# Data for processing:
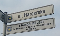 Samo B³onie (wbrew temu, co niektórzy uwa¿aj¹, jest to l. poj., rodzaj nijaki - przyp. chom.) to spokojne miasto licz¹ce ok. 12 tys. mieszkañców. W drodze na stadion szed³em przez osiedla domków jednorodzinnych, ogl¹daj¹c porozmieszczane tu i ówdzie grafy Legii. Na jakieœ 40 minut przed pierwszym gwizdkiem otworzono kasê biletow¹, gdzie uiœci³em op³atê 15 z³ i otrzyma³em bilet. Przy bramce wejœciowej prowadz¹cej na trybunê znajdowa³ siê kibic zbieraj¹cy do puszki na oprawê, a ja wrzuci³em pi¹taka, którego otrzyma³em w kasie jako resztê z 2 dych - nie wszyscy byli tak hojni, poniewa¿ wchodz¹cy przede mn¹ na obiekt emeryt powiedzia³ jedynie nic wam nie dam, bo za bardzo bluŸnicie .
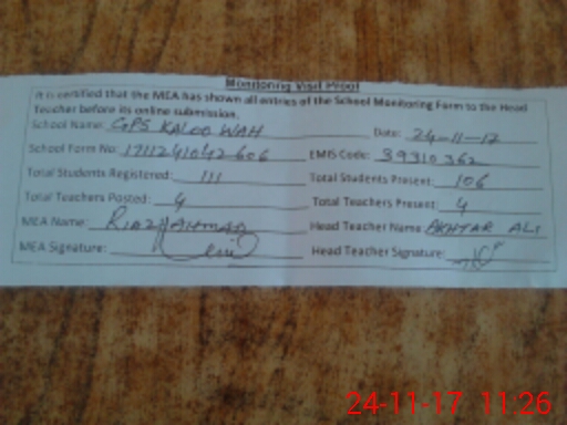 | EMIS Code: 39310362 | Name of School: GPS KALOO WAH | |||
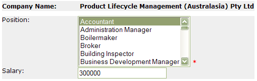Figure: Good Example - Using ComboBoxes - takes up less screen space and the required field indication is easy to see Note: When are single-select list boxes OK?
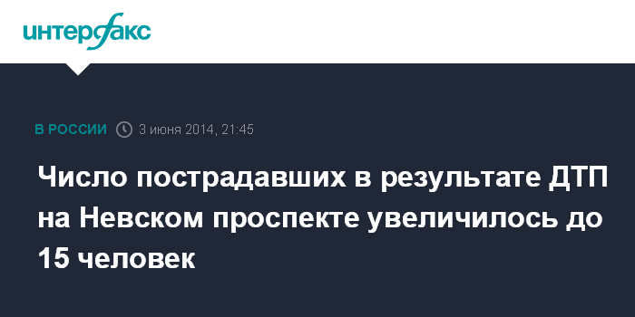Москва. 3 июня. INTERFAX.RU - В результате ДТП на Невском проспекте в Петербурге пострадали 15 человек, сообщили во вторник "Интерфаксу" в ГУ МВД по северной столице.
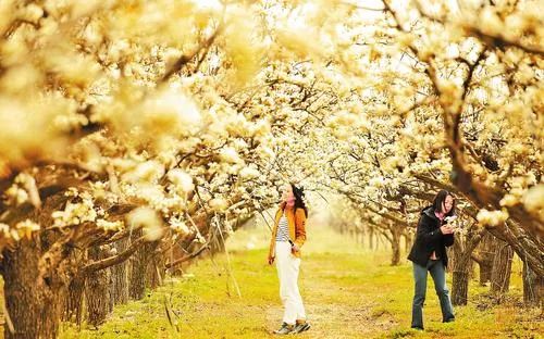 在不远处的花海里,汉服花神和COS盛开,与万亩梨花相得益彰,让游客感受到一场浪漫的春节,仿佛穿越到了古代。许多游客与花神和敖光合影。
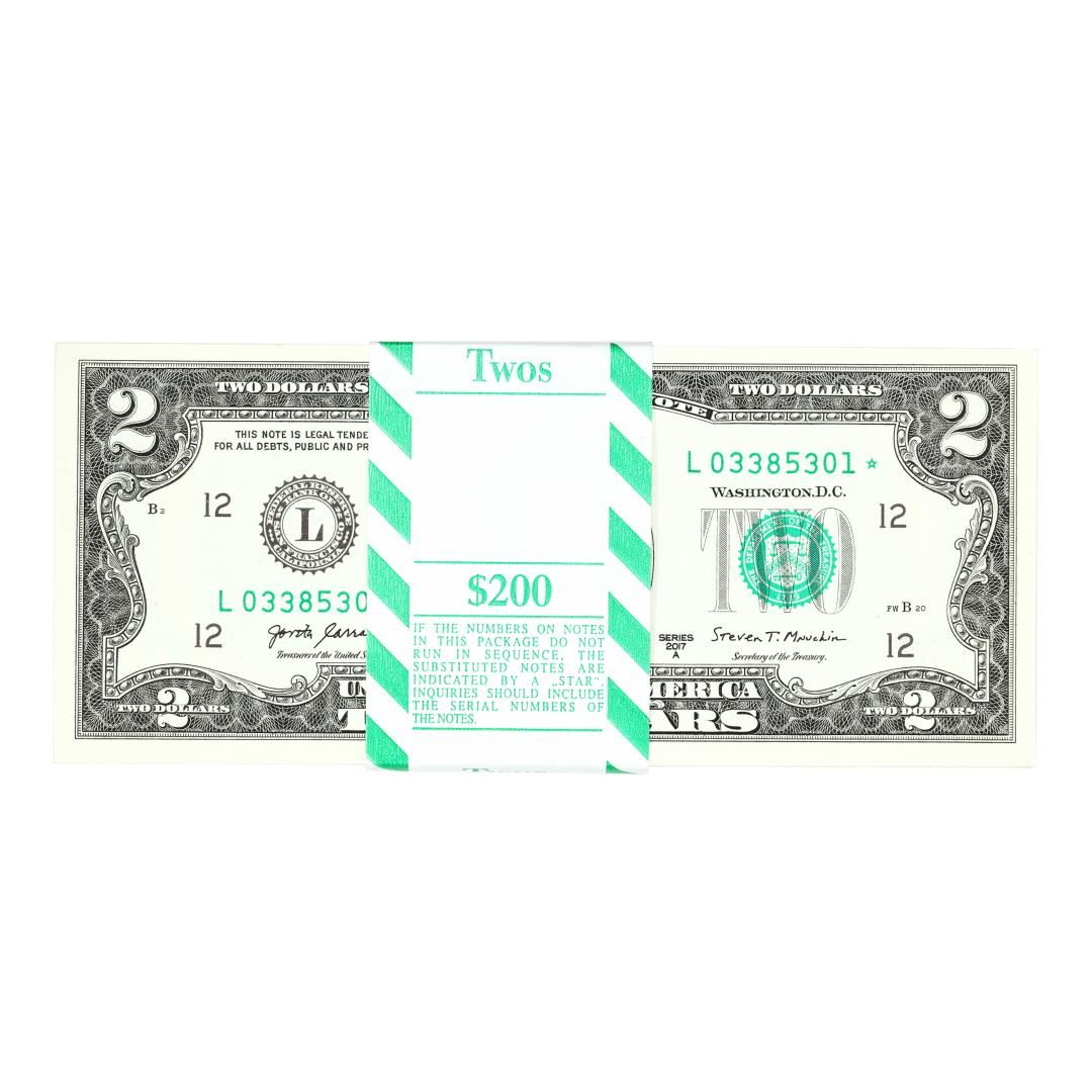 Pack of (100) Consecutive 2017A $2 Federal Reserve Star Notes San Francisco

* * *

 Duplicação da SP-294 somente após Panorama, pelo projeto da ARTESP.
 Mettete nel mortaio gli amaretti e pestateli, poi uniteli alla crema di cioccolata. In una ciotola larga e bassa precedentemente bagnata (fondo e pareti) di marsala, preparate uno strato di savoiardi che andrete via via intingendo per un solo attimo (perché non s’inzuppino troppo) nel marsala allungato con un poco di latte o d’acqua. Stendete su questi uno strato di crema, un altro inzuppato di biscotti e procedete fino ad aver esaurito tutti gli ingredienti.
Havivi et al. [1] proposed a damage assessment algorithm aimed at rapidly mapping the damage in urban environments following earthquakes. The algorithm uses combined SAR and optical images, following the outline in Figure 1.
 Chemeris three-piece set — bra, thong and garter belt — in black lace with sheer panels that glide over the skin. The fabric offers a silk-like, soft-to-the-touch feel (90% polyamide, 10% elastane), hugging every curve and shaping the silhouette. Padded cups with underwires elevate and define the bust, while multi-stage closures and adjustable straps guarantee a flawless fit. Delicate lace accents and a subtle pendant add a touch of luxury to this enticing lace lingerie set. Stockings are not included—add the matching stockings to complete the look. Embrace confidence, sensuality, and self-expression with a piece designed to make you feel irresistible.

# What to work on:
Pictures excluded, reproduce only the part above that opens with the line holding "在不远处的花海里,汉服花神和" and closes with the line holding "Pack of (100)", exactly as written.

# Problem solution:
 在不远处的花海里,汉服花神和COS盛开,与万亩梨花相得益彰,让游客感受到一场浪漫的春节,仿佛穿越到了古代。许多游客与花神和敖光合影。
 Pack of (100) Consecutive 2017A $2 Federal Reserve Star Notes San Francisco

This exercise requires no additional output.